Assume that a population is normally distributed with a mean of 100 and a standard deviation of 15. Would it be unusual for the mean of a sample of 3 to be 115 or more? Why or why not?
What if the size for each sample was increased to 20? Would a sample mean of 115 or more be considered unusual? Why or why not?
Z = (score-mean)/SEm
SEm = SD/√n
Find table in the back of your statistics text labeled something like "areas under normal distribution" to find the proportion/probability related to each Z score.
From that, you should be able to decide whether or not it is unusual.
To determine whether a sample mean of 115 or more is unusual, we can use the concept of z-scores and the Central Limit Theorem.
1. For a sample of size 3:
To calculate the z-score, we use the formula:
z = (x - μ) / (σ / √n)
where x = sample mean (115), μ = population mean (100), σ = population standard deviation (15), and n = sample size (3).
Plugging in the values:
z = (115 - 100) / (15 / √3)
z = 15 / (15 / √3)
z = √3
Using a standard normal distribution table or a z-score calculator, we can find that the z-score of √3 is approximately 1.732.
A z-score of 1.732 corresponds to a cumulative probability of approximately 0.958. This means that if the sample size is 3, a sample mean of 115 or more is within the 95.8% percentile of the distribution. Therefore, it would not be considered unusual.
2. For a sample size of 20:
Using the same z-score formula:
z = (x - μ) / (σ / √n)
where n = sample size (20).
Plugging in the values:
z = (115 - 100) / (15 / √20)
z = 15 / (15 / √20)
z = √20
Using a standard normal distribution table or a z-score calculator, we can find that the z-score of √20 is approximately 2.828.
A z-score of 2.828 corresponds to a cumulative probability of approximately 0.997. This means that if the sample size is 20, a sample mean of 115 or more is within the 99.7% percentile of the distribution. Therefore, it would still not be considered unusual.
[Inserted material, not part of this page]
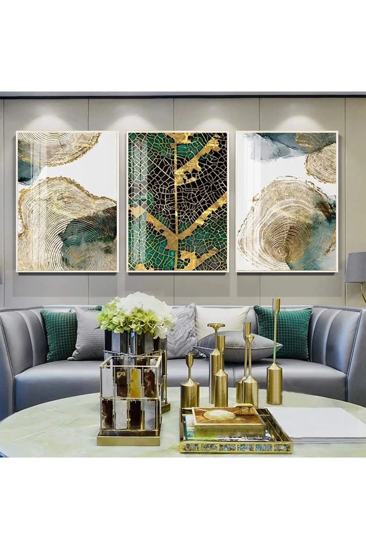 Yeşil Ve Altının Büyüleyici Dansı: Mermer Dokulu Üçlü Metal Çerçeveli Tablo Seti Hakkında
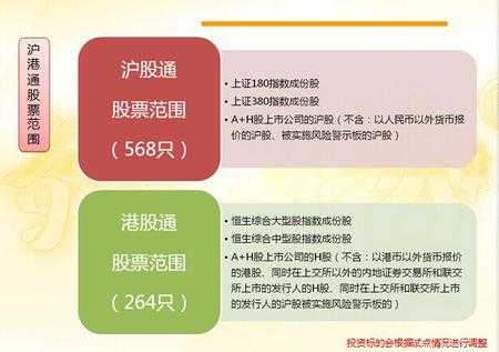 港通包括恒生综合大型指以及恒生综合中型指数所有成份,共268只票。沪通包括所有上证180指数及上证380指数成份,以同时在沪港两地上市的A+H票。共568只票

In summary, for both sample sizes of 3 and 20, a sample mean of 115 or more is not considered unusual since it falls within the higher percentiles of the distribution.
To determine if a sample mean of 115 or more is unusual, we need to calculate the z-score. The z-score measures the number of standard deviations a given value is from the mean.
For the first question, where the sample size is 3, we can calculate the z-score as follows:
z = (sample mean - population mean) / (standard deviation / sqrt(sample size))
z = (115 - 100) / (15 / sqrt(3))
z = 15 / (15 / sqrt(3))
z = sqrt(3)
By referring to a standard normal distribution table or using a statistical software, we can find that the z-score of sqrt(3) corresponds to a probability of approximately 0.91. This means that a sample mean of 115 or more would be unusual for a sample size of 3, as it falls in the upper tail of the distribution.
Now, let's consider the second question, where the sample size is 20. Calculating the z-score:
z = (115 - 100) / (15 / sqrt(20))
z = 15 / (15 / sqrt(20))
z = 15 / (3.3541)
z = 4.4721
Again, referring to a standard normal distribution table or using a statistical software, we can find that the z-score of 4.4721 corresponds to a probability of approximately 1.0. This means that a sample mean of 115 or more would be extremely unusual for a sample size of 20.
In both cases, a sample mean of 115 or more is considered unusual, but with a larger sample size of 20, it becomes even more unusual due to the decrease in sampling variability and increased accuracy in estimating the population mean.